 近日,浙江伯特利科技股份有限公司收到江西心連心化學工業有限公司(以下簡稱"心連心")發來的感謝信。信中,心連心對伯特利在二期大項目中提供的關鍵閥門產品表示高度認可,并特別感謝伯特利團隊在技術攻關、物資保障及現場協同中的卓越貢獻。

**********

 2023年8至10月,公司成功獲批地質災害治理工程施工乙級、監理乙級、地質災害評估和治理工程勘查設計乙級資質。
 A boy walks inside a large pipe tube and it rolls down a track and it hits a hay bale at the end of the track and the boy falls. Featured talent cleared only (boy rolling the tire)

**********

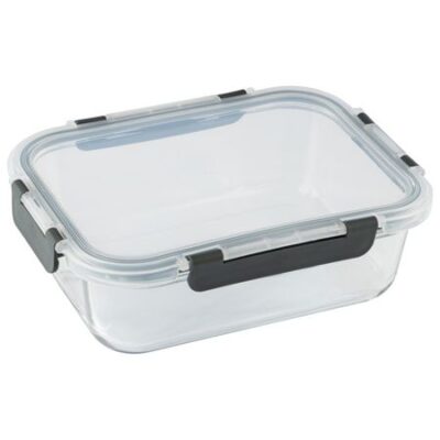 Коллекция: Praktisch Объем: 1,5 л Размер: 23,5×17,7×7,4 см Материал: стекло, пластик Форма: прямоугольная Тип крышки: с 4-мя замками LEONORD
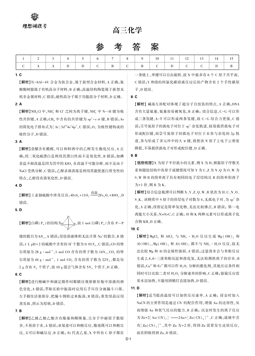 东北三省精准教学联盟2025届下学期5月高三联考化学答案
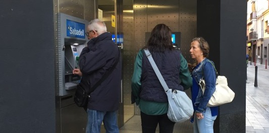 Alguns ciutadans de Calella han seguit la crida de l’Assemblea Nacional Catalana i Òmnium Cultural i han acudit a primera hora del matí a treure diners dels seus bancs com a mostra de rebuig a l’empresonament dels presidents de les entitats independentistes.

**********

> [WORK TASK]:
Would you output, from the records above, exactly the run of lines that starts at the line containing "2023年8至10月,公司成" and ends at the line containing "A boy walks", and only that run?

> [EXPECTED ANSWER]:
 2023年8至10月,公司成功獲批地質災害治理工程施工乙級、監理乙級、地質災害評估和治理工程勘查設計乙級資質。
 A boy walks inside a large pipe tube and it rolls down a track and it hits a hay bale at the end of the track and the boy falls. Featured talent cleared only (boy rolling the tire)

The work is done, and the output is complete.